The new material reveals another tooth morphology present in the Bauru Group, just only verified for Roxochampsa paulistanus and the thalattosuchians teleosaurids: Machimosaurus hugii and M. rex, in which the tooth crown exhibits the main carinae and additionally secondary ones (high relief apicobasal ridges) crenulated by pseudo-denticles. However, the morphological tooth similarities among itasuchids with some neosuchians as goniopholids and some teleosaurids, it reveals a pattern of dental convergence within Mesoeucrocodylia, that lacks a phylogenetic signal.

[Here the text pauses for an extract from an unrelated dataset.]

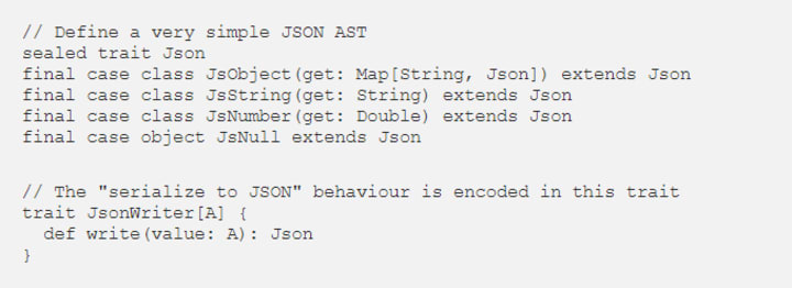 In Scala we define instances by creating concrete implementations of the type class and tagging them with the implicit keyword:

In our cladistic analysis Roxochampsa paulistanus was recovered in the node Itasuchidae, being closed related to Caririsuchus, Itasuchus, and Pepesuchus. This clade is nested within Sebecia, which is here founded to be the major sister group to Notosuchia, both composing a more inclusive clade Ziphosuchia. Thus, the neocretacic mesoeucrocodylian fauna for South America was formed by terrestrialized and continental semi-aquatic forms from two distinct clades: notosuchians, well-adapted for terrestrial niches (e.g. Uruguaysuchidae, Sphagesauridae, Baurusuchidae), and sebecians as more generic forms that included numerous reversions to an semiaquatic lifestyle (e.g. itasuchids, Stolokrosuchus, Mahajangasuchus and Lorosuchus). In accordance with previous works, we found many homoplastic characters for Crocodyliformes, which could imply a mosaic evolutionary pattern, heavily influenced by the ancestral crocodyliform bauplan.